I could go on and on with many more examples, but you'd hate me.
The phrase, you'll notice, carries a vaguely therapeutic air. Our language everywhere shows the smudgy hand of the therapist, the life coach, the counselor, the facilitator. People nowadays say they "reach out" to people that they just used to talk to, and "share" things when they just used to say things, and talk of themselves, of their feelings and impressions and habits, without ceasing. It is the mission of the therapists and life coaches to enable you to find yourself, "to discover who you really are as a person," to decant the authentic you. I suppose it was inevitable that the seductive language of therapy would migrate into the language of politics.
And who we truly are is often obscured, in national life as in personal life, beneath layers of self-deception, pretense, and misunderstanding. The politician and his codependent audience, like therapist and patient, have penetrated America's true self and returned to deliver the news to everyone else. This makes it a perfect trope for a certain kind of rhetoric, in which unexceptional, even banal, sentiments ("hope," "change") are cast as moral insights that transcend the "false choice" that befuddles a politician's opponents.
"Who we are" serves other purposes. It allows the president's followers to absorb the jingoism of less sophisticated people—all those vulgar crowds chanting USA! USA!—and refine it into the moral vanity they more highly prize. (Self-flattery is who they are.) Democrats have been bedeviled for decades by the canard that they are somehow less patriotic than conservatives. "Who we are" allows them to turn the tables, so long as who we are is Democrats. If, for example, you think that 99 weeks of unemployment insurance payments is about all we can afford, then you're not just wrong, you're un-American. You're not who we are.
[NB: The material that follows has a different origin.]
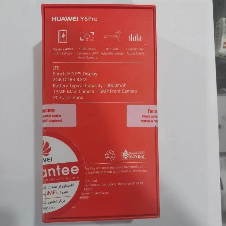 مشخصات کلی گوشی گوشی هوآوی Y6 Pro 4G | حافظه 16 رم 2 گیگابایت تعداد سیمکارت: دو سیم کارت قطع سیم کارت: ميکرو وزن : 160 گرم پردازنده: Mediatek MT6735P Chipset حافظه داخلی: 16 گیگابایت رم : 2 گیگابایت حافظه جانبی: پشتیبانی از حافظهی microSD تا 256 گیگابایت سایز صفحه نمایش: 5 اینچ رزولوشن صفحه نمایش: 1280 × 720 | HD ارتباطات: پشتیبانی از شبکه 2G ، 3G ، 4G مجهز به: GPRS، EDGE، Wi-Fi، بلوتوث، راديو دوربین: 13 مگاپيکسل امکانات دوربین: فوکوس لمسی - تشخیص لبخند - HDR- پاناروما و... دوربین سلفی: 5 مگاپیکسل صدا: اسپیکر دارد - جک 3.5 میلیمتری امکانات نرم افزاری: سیستم عامل Android Lollipop 5.1 - پشتیبانی از زبان فارسی باتری: لیتیوم-یون 4000 میلیآمپر بر ساعت اقلام همراه: دفترچه راهنما، کابل USB، قاب ژلهاي، شارژر، هندزفري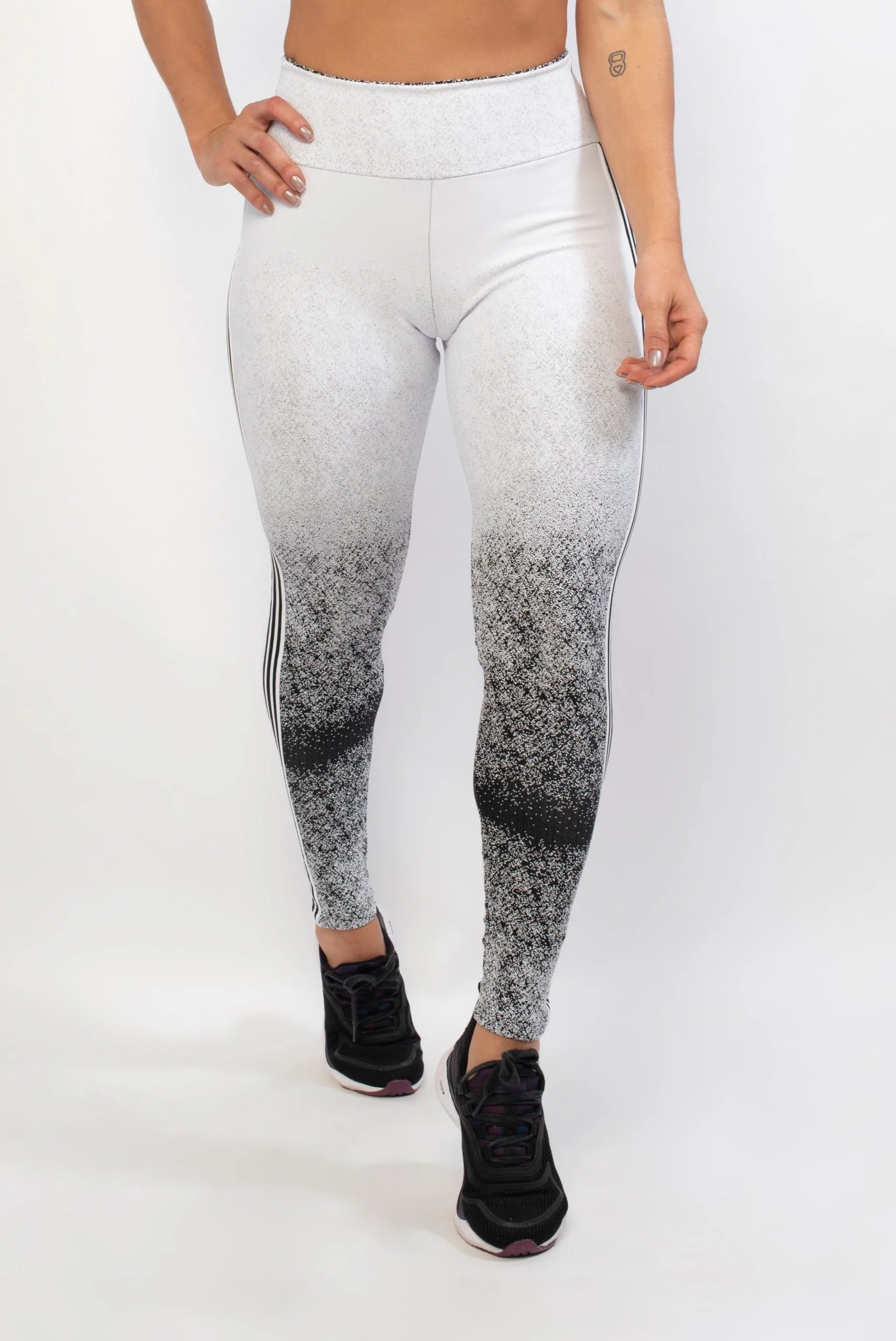 Legging Touch tem um toque muito macio além de visual lindo e moderno, com listras laterais preto e branca, super tendência. Tecido jacquard que já é queridinho, além disso os fios que o tecem são tratados com dióxido de titânio, o que confere proteção vitalícia contra raios solares e propicia proteção solar com fator FPU50+

It's super-patriotism for the passive-aggressive. If we still had a House Committee on Un-American Activities we could rename it the House Committee on Activities of People Who Are Not Who We Are as Americans.
Indeed, not who we are is as important to the president as who we are. Lately he has been using his word clump in a negative formulation. When Ebola briefly became the crisis of the decade a while ago, the president stood tall. "I put those on notice who think that we should hide from these problems," he said. (It's not clear who those people were—I'd need to see some direct quotes.) But the president made it clear who we were not: "That's not who we are." And people who oppose large subsidies for windmills and solar energy—maybe they think they're Americans. No: "That's not us. That's not who we are." Same goes for all those people who want to "eliminate health insurance for millions of Americans who are poor and elderly or disabled" just so they can give tax cuts to rich people—though again, I'd like to see a show of hands from the people who want to do this. Anyway: that's who we are …not.
Theologians used to speak of the Via Negativa—a philosophical method that tries to define G0D by ticking off all the things he isn't, in a process of elimination. It turns out that even the president's positive affirmations of "who we are" are essentially negative. The president and his supporters have embarked on their own via negativa, defining true Americans by eliminating, rhetorically, the ones who disagree with him. It's an odd mission for a man who as a candidate told us there was no blue America or red America, only the United States of America. But that's not who he is as a president.